Print, word for word, the opening line of the data below and every line after it through the line that contains "上下町在住のフィリピン人の両", but not the pictures.

_Exercise data_

BEGIN

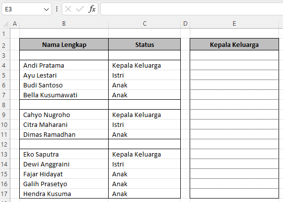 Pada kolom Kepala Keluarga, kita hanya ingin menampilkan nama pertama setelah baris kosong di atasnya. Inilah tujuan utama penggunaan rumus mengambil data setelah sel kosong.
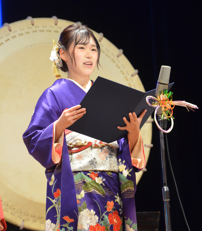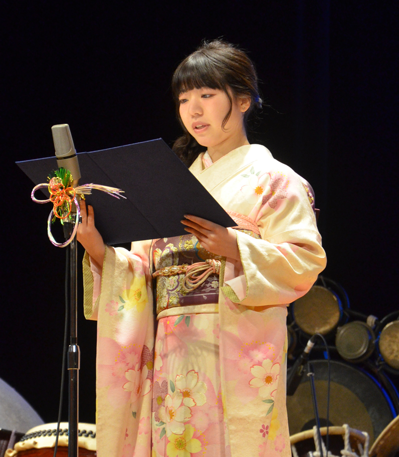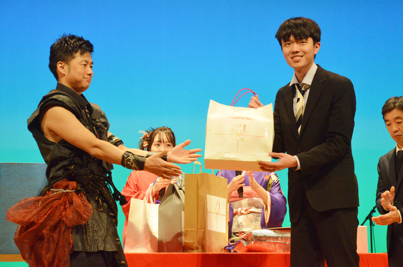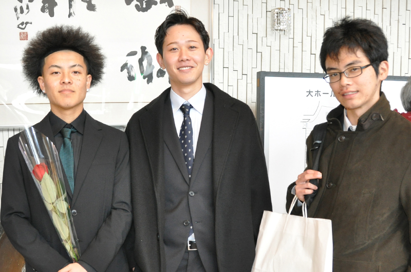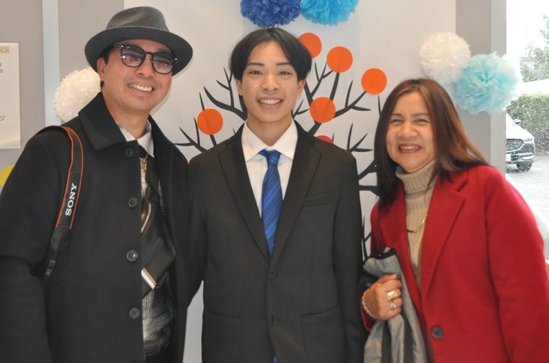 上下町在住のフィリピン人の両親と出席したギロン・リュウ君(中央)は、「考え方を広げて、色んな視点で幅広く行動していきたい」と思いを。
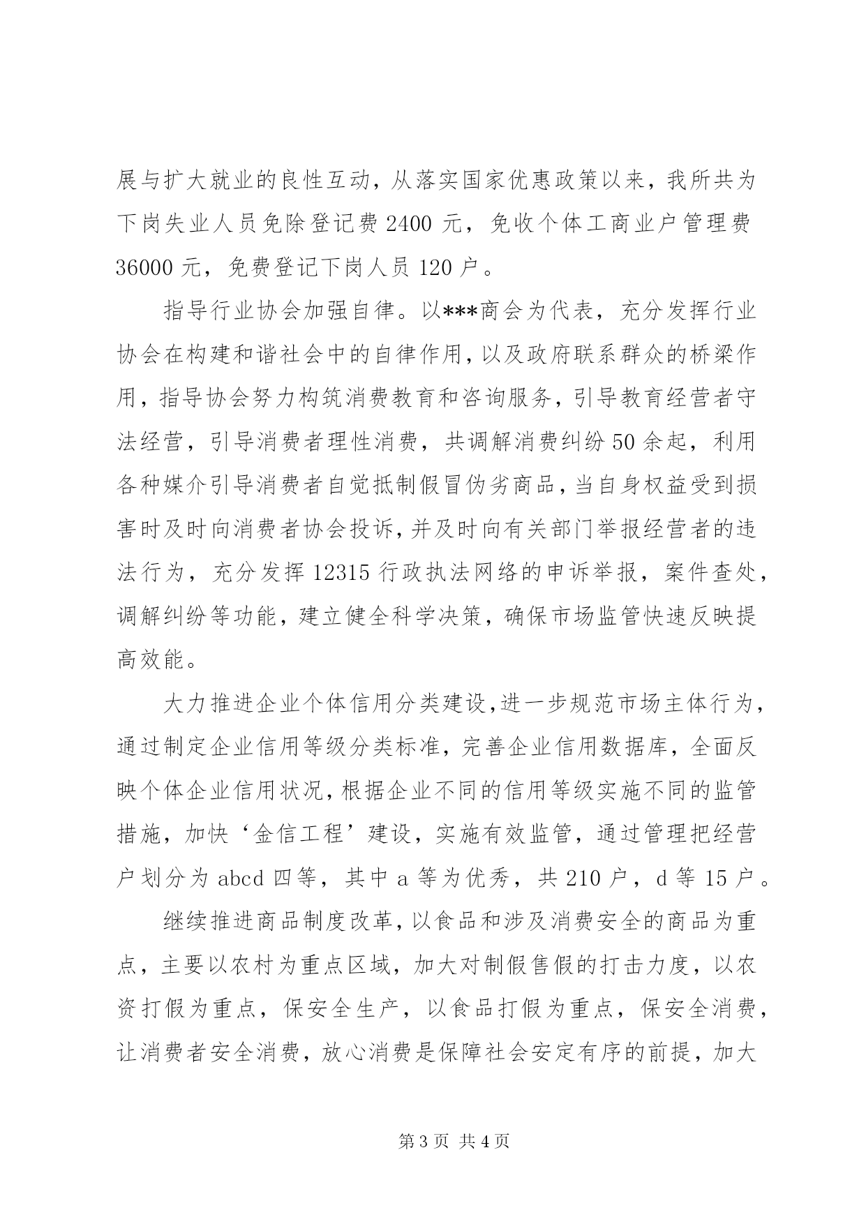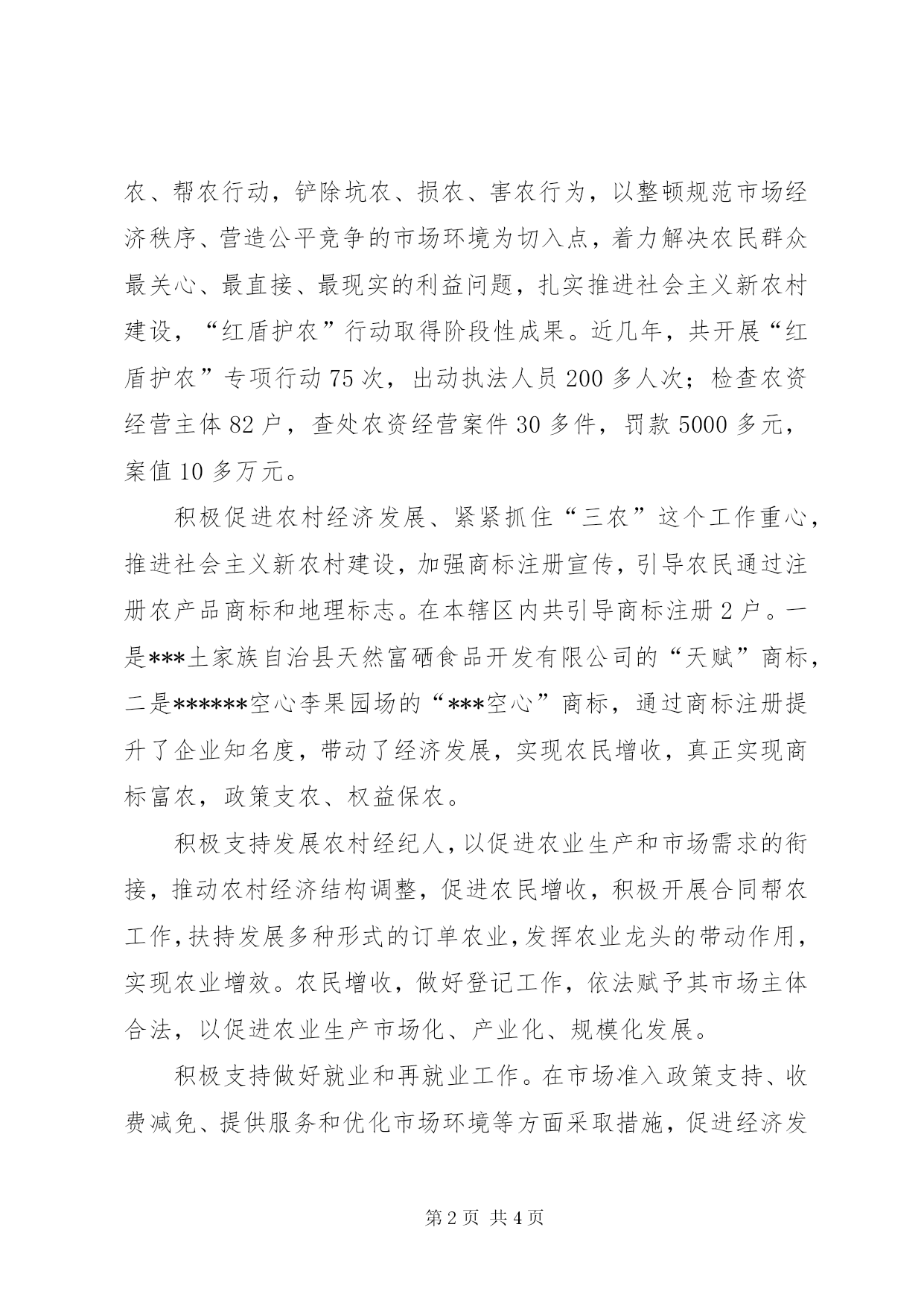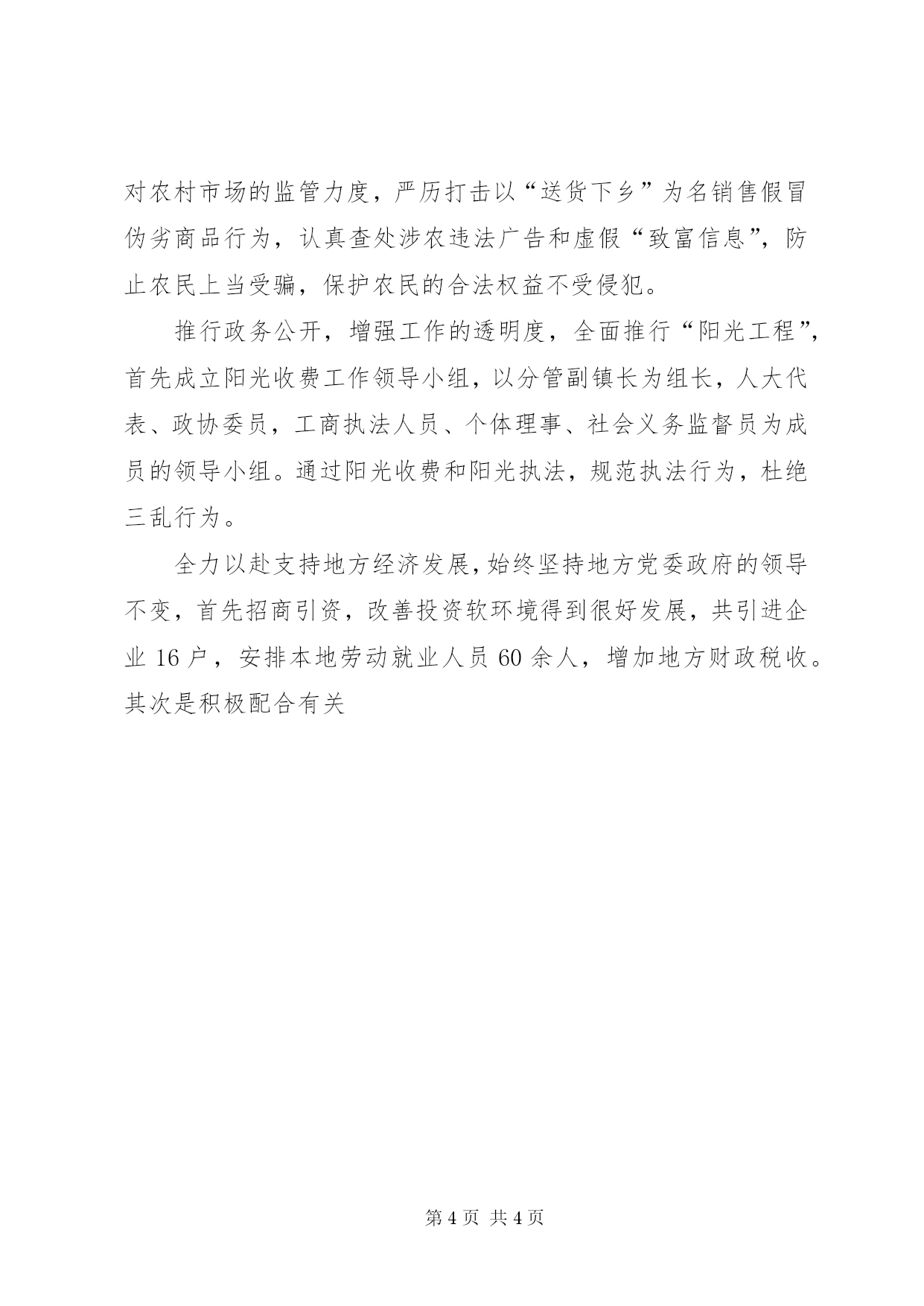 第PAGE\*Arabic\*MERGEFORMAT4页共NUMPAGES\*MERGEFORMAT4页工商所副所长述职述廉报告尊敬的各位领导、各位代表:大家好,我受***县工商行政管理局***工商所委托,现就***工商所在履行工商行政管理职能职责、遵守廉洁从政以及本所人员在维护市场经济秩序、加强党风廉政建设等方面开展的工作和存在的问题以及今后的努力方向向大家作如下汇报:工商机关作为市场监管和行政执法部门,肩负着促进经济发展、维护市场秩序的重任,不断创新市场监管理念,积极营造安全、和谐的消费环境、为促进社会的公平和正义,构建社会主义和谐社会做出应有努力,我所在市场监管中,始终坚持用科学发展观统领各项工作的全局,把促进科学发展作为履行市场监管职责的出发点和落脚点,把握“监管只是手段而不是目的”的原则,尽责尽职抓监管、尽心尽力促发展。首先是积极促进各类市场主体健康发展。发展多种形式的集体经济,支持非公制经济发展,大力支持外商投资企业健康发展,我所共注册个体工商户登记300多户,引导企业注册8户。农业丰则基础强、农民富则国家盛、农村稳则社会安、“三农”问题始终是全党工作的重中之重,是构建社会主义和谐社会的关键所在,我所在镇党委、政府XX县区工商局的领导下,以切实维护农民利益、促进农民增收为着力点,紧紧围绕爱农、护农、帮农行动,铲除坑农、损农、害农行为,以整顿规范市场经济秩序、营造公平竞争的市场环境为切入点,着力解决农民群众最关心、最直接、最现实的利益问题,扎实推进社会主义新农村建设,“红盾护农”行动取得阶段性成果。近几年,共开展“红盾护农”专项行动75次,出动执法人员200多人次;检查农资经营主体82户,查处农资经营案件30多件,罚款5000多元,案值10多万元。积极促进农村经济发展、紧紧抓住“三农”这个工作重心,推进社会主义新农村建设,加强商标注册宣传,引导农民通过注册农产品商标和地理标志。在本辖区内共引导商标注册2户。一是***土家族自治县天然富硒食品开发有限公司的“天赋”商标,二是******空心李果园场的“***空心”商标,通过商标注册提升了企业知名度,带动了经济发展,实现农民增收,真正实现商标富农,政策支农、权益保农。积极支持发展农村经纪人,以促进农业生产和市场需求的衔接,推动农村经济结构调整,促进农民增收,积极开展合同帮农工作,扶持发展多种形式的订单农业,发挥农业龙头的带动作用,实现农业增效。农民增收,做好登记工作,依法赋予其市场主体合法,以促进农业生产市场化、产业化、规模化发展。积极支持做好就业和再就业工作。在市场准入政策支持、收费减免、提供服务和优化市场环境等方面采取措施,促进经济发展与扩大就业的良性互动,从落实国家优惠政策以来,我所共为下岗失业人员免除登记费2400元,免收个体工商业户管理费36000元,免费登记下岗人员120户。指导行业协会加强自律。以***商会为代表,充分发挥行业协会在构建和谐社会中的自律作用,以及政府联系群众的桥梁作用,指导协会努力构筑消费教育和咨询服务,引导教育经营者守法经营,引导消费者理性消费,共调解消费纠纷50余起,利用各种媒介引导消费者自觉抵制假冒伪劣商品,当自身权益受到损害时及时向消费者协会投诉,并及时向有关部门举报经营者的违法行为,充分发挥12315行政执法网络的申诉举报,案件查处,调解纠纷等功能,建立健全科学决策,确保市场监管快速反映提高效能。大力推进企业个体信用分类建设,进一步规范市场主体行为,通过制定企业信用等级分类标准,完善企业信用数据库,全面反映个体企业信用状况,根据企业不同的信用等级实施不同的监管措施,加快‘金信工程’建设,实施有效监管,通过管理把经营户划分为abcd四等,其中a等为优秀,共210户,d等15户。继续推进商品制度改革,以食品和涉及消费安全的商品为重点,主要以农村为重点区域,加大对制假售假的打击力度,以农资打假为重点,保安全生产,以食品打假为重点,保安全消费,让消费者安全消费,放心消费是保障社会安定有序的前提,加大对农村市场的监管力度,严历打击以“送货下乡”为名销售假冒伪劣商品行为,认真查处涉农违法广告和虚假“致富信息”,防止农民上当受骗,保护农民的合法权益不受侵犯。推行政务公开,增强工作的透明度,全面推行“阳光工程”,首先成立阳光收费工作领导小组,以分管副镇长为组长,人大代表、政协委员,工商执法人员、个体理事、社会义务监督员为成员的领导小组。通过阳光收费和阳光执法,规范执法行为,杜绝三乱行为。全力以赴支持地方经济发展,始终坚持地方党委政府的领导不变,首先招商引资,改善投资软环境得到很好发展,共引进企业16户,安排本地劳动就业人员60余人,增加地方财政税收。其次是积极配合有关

END

_Exercise solution_
 Pada kolom Kepala Keluarga, kita hanya ingin menampilkan nama pertama setelah baris kosong di atasnya. Inilah tujuan utama penggunaan rumus mengambil data setelah sel kosong.
 上下町在住のフィリピン人の両親と出席したギロン・リュウ君(中央)は、「考え方を広げて、色んな視点で幅広く行動していきたい」と思いを。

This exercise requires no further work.